Le Point a eu besoin de quelqu'un pour porter la contradiction à François Bayrou dans son numéro "Le mal français : vérités et mensonges". C'est Alain Minc qui s'est dévoué pour le dernier terme — merci à lui de ne pas avoir laissé notre Président trop seul.

J'ai une dent contre M. Minc, qui a fait rater un cadeau de ma grand'mère.

Vers mes 18 ans, ma grand'mère — une intellectuelle, bibliophile, étudiante jusque vers ses 90 ans à elle — m'a offert un livre de politique et d'économie, puisque ça semblait m'intéresser : un livre d'Alain Minc, certainement "L'Avenir en face".

Faisant mon service militaire, j'avais un peu de temps et d'énergie intellectuelle à dépenser : j'ai commencé la lecture.

Elle était difficile. Les arguments se croisaient et semblaient se contredire : si on fait ceci, le chômage va monter ; mais si on fait l'inverse, le chômage va monter aussi. Flûte. J'ai dû lire crayon en main, annotant, reliant de traits et de flèches ce qui avait l'air en rapport.

Je ne comprenais pas plus.

Je venais d'être admis à Polytechnique, et je calais sur un bouquin grand public, de la vulgarisation économique en gros caractères. C'était vexant.

Je ne me souviens plus si je suis venu à bout du livre, mais je l'ai refermé marri.

C'est plusieurs mois plus tard que, "eurêka", l'ampoule s'est allumée : si je n'avais rien compris, c'était parce qu'il n'y avait rien à comprendre.

Mobiliser, pour étudier le livre, mes neurones formés par la "prépa" était la grosse erreur : en l'abordant avec un peu du bon sens terrien de mon grand'père, l'alarme aurait sonné dès la page 10, et ça m'aurait épargné des maux de tête.


Avoir plongé dans la perplexité un aspirant chasseur alpin, n'a pas empêché M. Minc de faire une brillante et lucrative carrière de conseiller multi-princes. Peut-être leur a-t-il fait, aux princes, le même effet qu'à moi : celui d'un dialecticien bien utile pour brouiller les pistes et noyer le bon sens.

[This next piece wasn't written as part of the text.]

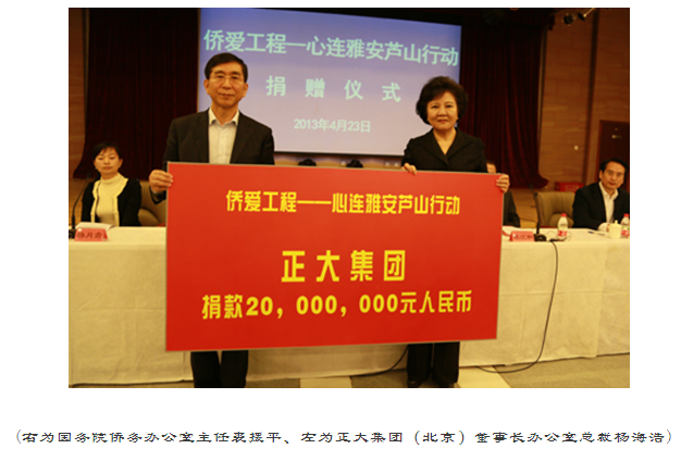 2013年4月20日8時(shí)02分,四川省雅安市蘆山縣發(fā)生7.0級(jí)地震。消息傳來(lái),舉國(guó)震動(dòng)。中國(guó)人民心連心,一方有難八方支援,全國(guó)人民與雅安人民站在一起。社會(huì)各界紛紛伸出了援助之手,對(duì)災(zāi)區(qū)進(jìn)行了各種形式的捐助、支持與幫助。4月23日,正大集團(tuán)為雅安地震災(zāi)區(qū)捐款人民幣2000萬(wàn)元,集團(tuán)(北京)董事長(zhǎng)辦公室楊海浩總裁代表集團(tuán)出席國(guó)務(wù)院僑辦舉行的“僑愛(ài)工程——心連雅安蘆山”行動(dòng)捐贈(zèng)儀式。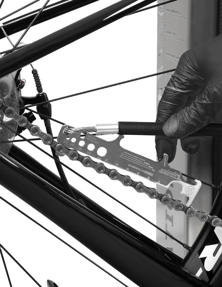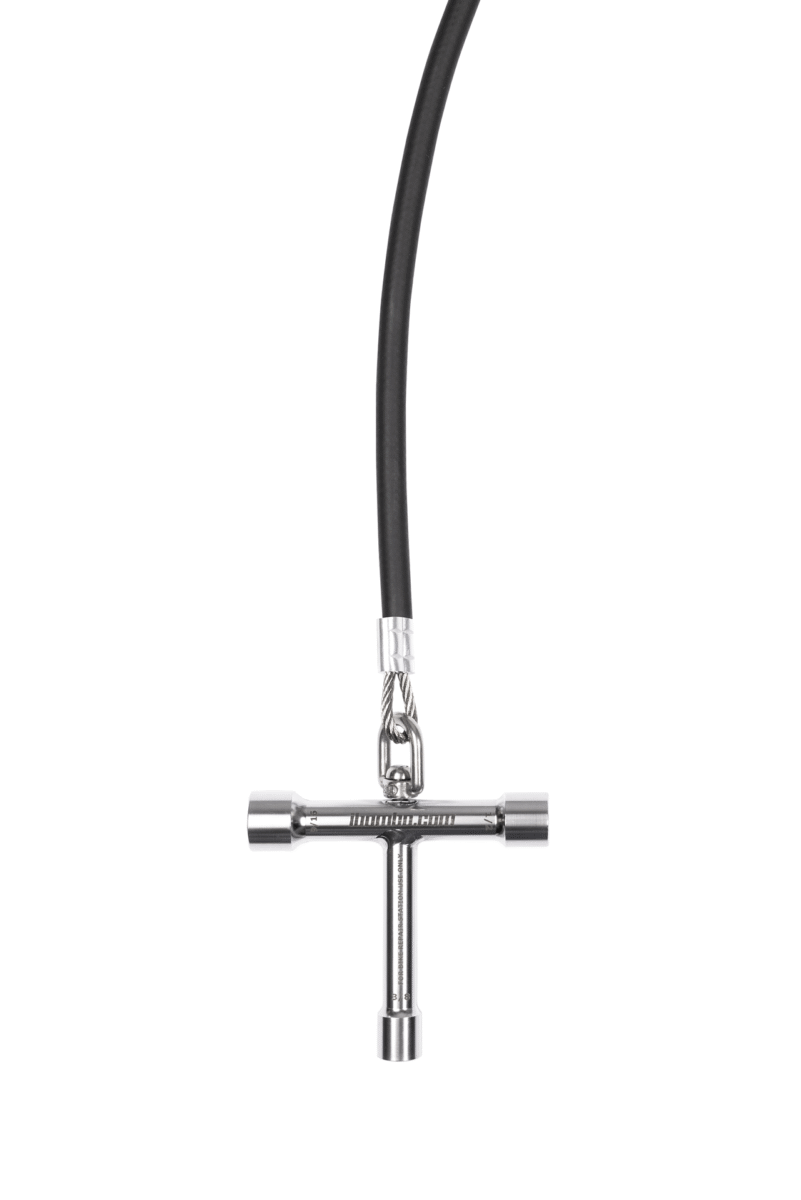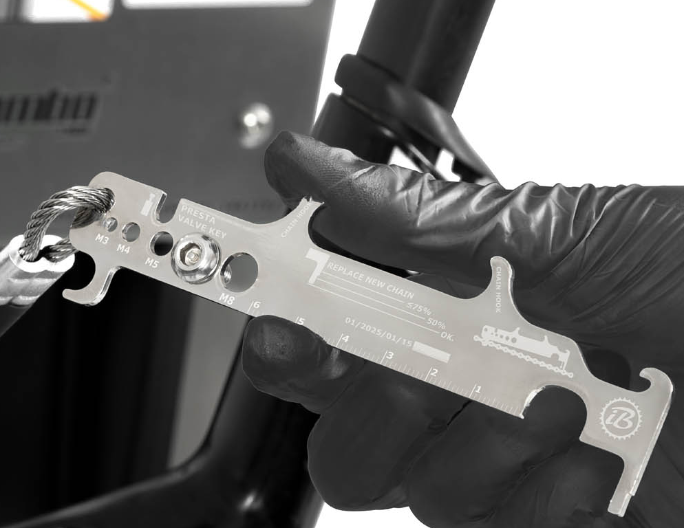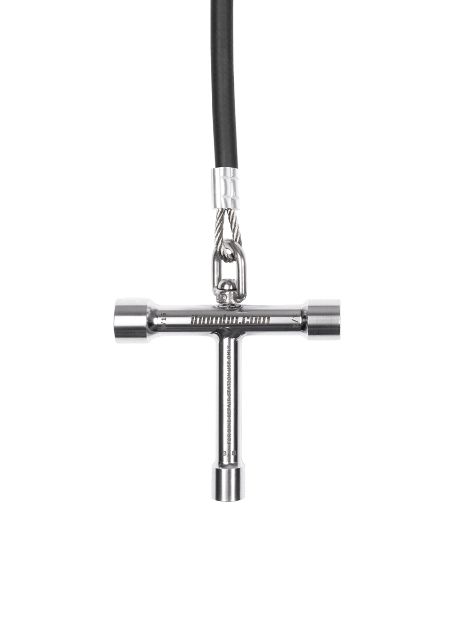 工具通过不锈钢绳索悬挂在站点的柱体内部;绳索的长度足以触及所有自行车部件。绳索表面的橡胶涂层可防止工具缠绕,并保护自行车车架免受刮伤。站点的结构允许用户将自行车放置在支架上,这样在维修时可以轻松转动曲柄。该站点还配备了带适配器的手动泵,适用于所有类型的气门嘴。

Et je ne l'ai pas oublié sur mon blog : Alain Minc, Le Monde et les liens politiques-médias ; Alain Minc, le pape allemand et la langue française ; Alain Minc, les entreprises endogames et, peut-être, Hervé Morin ; Alain Minc, François Bayrou et, sans doute, Le Pen light ; Alain Minc allumé par François Bayrou en 2009 pour son « niveau d’inégalités nécessaires pour assurer le dynamisme de l’économie » ; et même un instant d'espoir : que "même Alain Minc se retrouve face aux faits". C'était en 2006.

Car, François Bayrou l'écrit parfaitement dans sa réponse à Alain Minc cette semaine, "tout aussi précieuses" que les boussoles les plus fiables, sont "les boussoles qui se trompent absolument toujours et qui, quelles que soient les évidences, vous désignent, obstinément et avec assurance, le sud."

Quand Alain Minc lui-même commencera à prendre les faits au sérieux, à regarder la France, à prendre le risque du bon sens, c'est que, après toutes ces années vers le ravin, la France aura fait demi-tour. Il est ma boussole.